▶ [Recorded data]
□ □ □ □ □ □ □

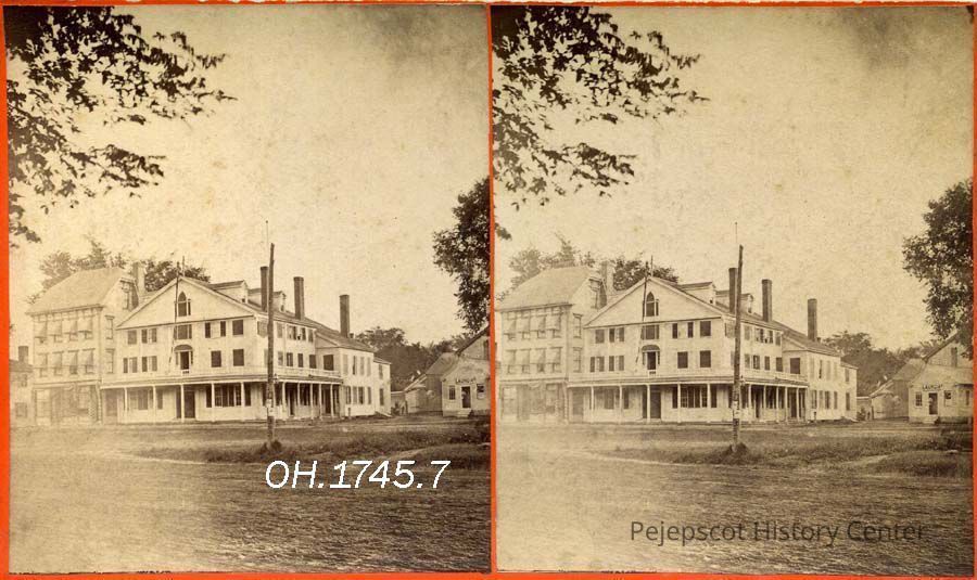 A stereo view photo of the Tontine Hotel, Maine St., Brunswick, ME. Not dated.
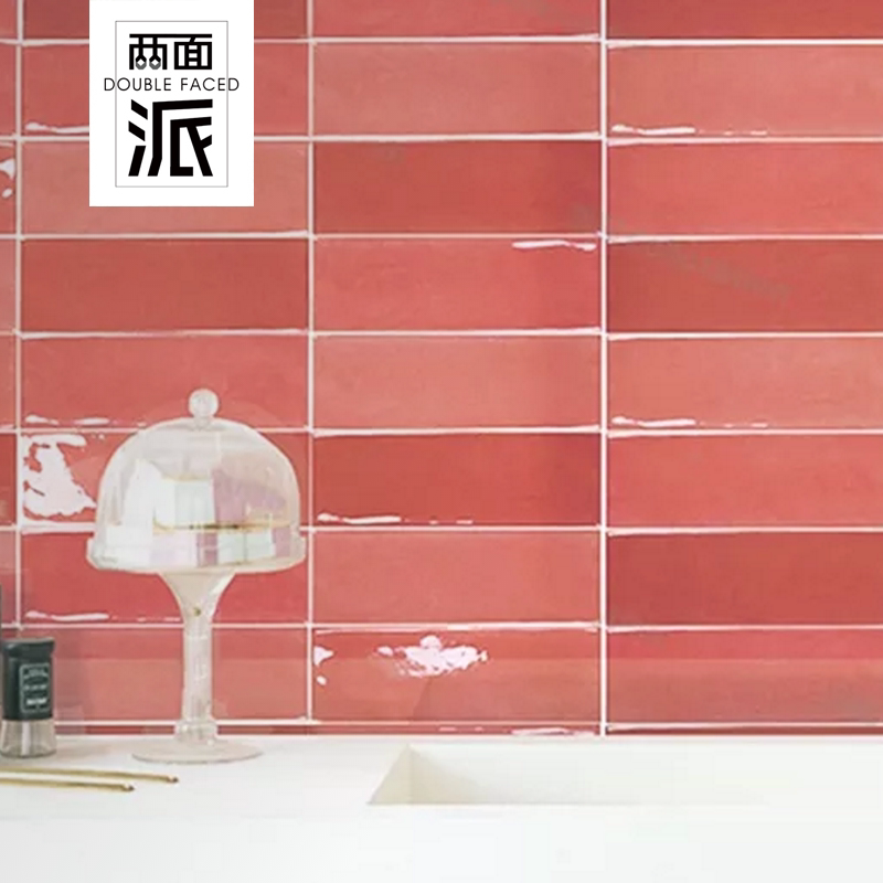 Net red pink personality wall brick simple bar tile kitchen powder room blue wall brick mold bright handmade brick
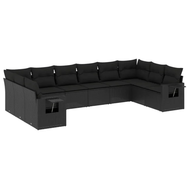 vidaXL Vrtna sedežna garnitura 10-delna z blazinami črn poli ratan
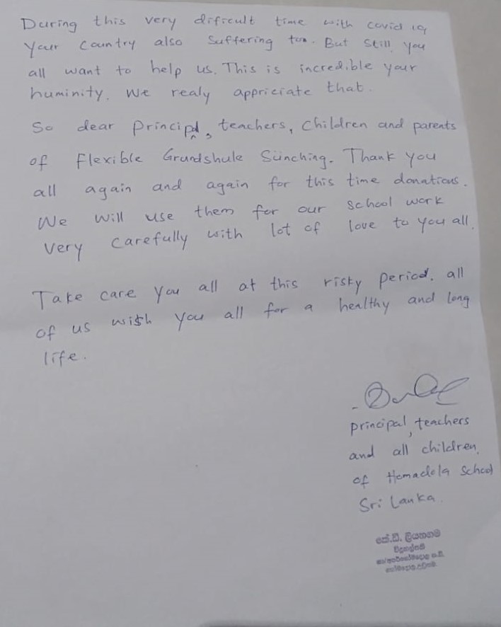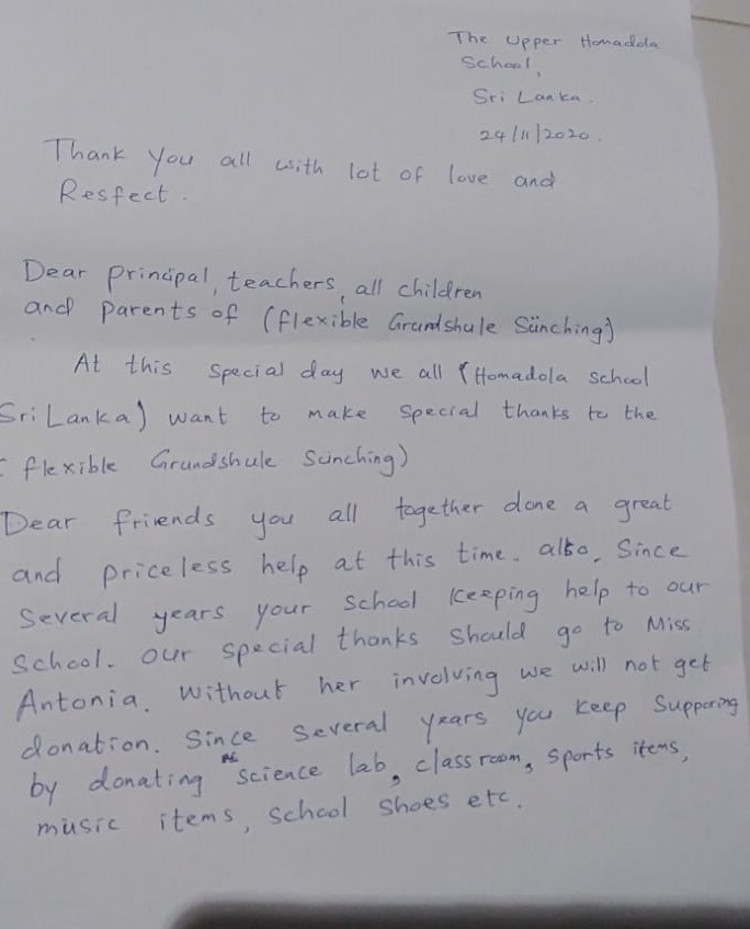 Obwohl coronabedingt im Frühjahr/Sommer 2020 leider kein Spendenlauf möglich war, spendeten einige Lehrer und Eltern Geld für unsere Patenschule. Dieser Brief erreichte Frau Brandl vor Kurzem:

□ □ □ □ □ □ □

▶ [Task details]
Drop the pictures, then transcribe the lines from the one containing "Net red pink" to the end of the data above, exactly and nothing more.

▶ [Output for this exercise]
 Net red pink personality wall brick simple bar tile kitchen powder room blue wall brick mold bright handmade brick
 vidaXL Vrtna sedežna garnitura 10-delna z blazinami črn poli ratan
 Obwohl coronabedingt im Frühjahr/Sommer 2020 leider kein Spendenlauf möglich war, spendeten einige Lehrer und Eltern Geld für unsere Patenschule. Dieser Brief erreichte Frau Brandl vor Kurzem:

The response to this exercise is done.